Cláudio Regina – O Gigante Balança

Publicada originalmente na revista Transporte Moderno n. 389 de junho de 1999

Dia 7 de junho de 1999, a manhã era chuvosa, nervosa. Regressando de Barbados, na América Central, onde fora pessoalmente entregar algumas unidades de ônibus, Cláudio Regina, diretor-geral da CAIO, tinha um comunicado importante aos leitores de Transporte Moderno e TechniBus: a Companhia Americana Industrial de Ônibus, a CAIO, requerera concordata, que fora concedida. Tratamos prontamente de ouvir as razões que pudessem justificar situação tão insólita. Melhor, pois, saber do próprio comandante da Companhia, mais adiante, os porquês do baque.

Bacharel em Direito pelas Arcadas do Largo de São Francisco (turma de 57), Regina advogou até 1960, quando ingressou na CAIO. Fundou e presidiu a Fabus (Associação Nacional dos Fabricantes de Carroçarias para Ônibus) e a Rodonal (Associação Nacional das Empresas de Transportes Rodoviários Interestaduais e Internacionais de Passageiros). Fundou e dirigiu a Abrave (Associação Brasileira de Revendedores Autorizados de Veículos). Presidiu o Simefre (Sindicato da Indústria de Materiais e Equipamentos Ferroviários e Rodoviários no Estado de São Paulo). Segue-se vasta lista de empresas que dirigiu – indústrias, companhias de transporte de passageiros por ônibus, uma mineradora, um banco, uma fazenda … Participou de conselhos de administração – Caixa Econômica do Estado de São Paulo e Eletropaulo. Presidiu o paulistano Esporte Clube Pinheiros.

Nesta entrevista exclusiva, em português escorreito e firme, conta por que o gigante balançou. E vaticina: “A CAIO vai se recuperar”. Filho das Arcadas, aprendeu com as trovas acadêmicas que, ao enfrentar a adversidade, “quando se sente bater/ no peito heroica pancada/ deixa-se a folha dobrada/ enquanto se vai morrer”. Fala, Regina!

Transporte Moderno e TechniBus: O senhor convidou as revistas Transporte Moderno e Technibus para esta entrevista porque tem um comunicado importante a fazer. Qual é o recado aos leitores?

Cláudio Regina: O recado é o seguinte: eu acredito que todas as empresas de ônibus do Brasil conhecem profundamente a CAIO e a sua história.

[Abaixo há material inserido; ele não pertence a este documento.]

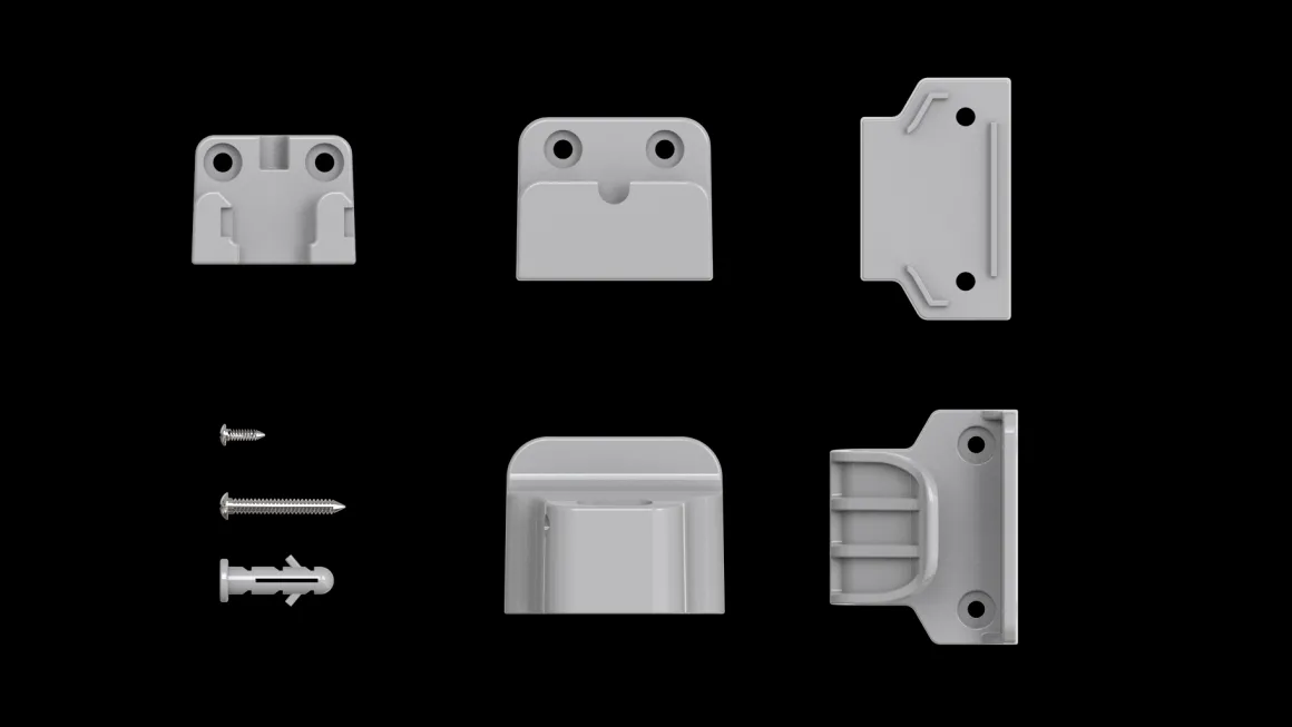 Bevestig de grijphaken aan de tegenovergestelde zijde van de cassette om het hekje te kunnen sluiten. De cassette van het traphekje en de grijphaken worden met schroeven op de muur bevestigd.

Estamos completando 53 anos de existência e podemos dizer que vivemos junto com os proprietários das empresas durante este período todo

Nascemos pequenos e crescemos juntos. E a CAIO sempre foi uma líder de mercado no setor de transporte urbano e sempre cumpriu rigorosamente com as suas obrigações. Infelizmente, um tempo atrás, por problemas vários, a CAIO sofreu uma queda de participação de mercado e, pelo afastamento que os acionistas tiveram da direção da Companhia, ela teve problemas mais sérios. Na verdade, quando nós pressupomos que poderíamos nos recuperar mais rapidamente, aconteceu que o mercado brasileiro (de ônibus), pela primeira vez em tantos anos, caiu, baixou violentamente – e acredito que (a queda) superou (no início deste ano). Pelas estatísticas da Fabus, mais de 50% -, e, com isso, a CAIO se sentiu prejudicada na sua recuperação. Sentindo que deveríamos dar uma satisfação maior aos nossos clientes, uma garantia de que a empresa teria uma continuidade, nós tivemos que solicitar um remédio que é amargo, mas que é legal, da concordata para estabelecer um marco zero, terminar com as pressões que existiam, principalmente acabar com os comentários maldosos que muitos fizeram de que a CAIO estaria paralisada.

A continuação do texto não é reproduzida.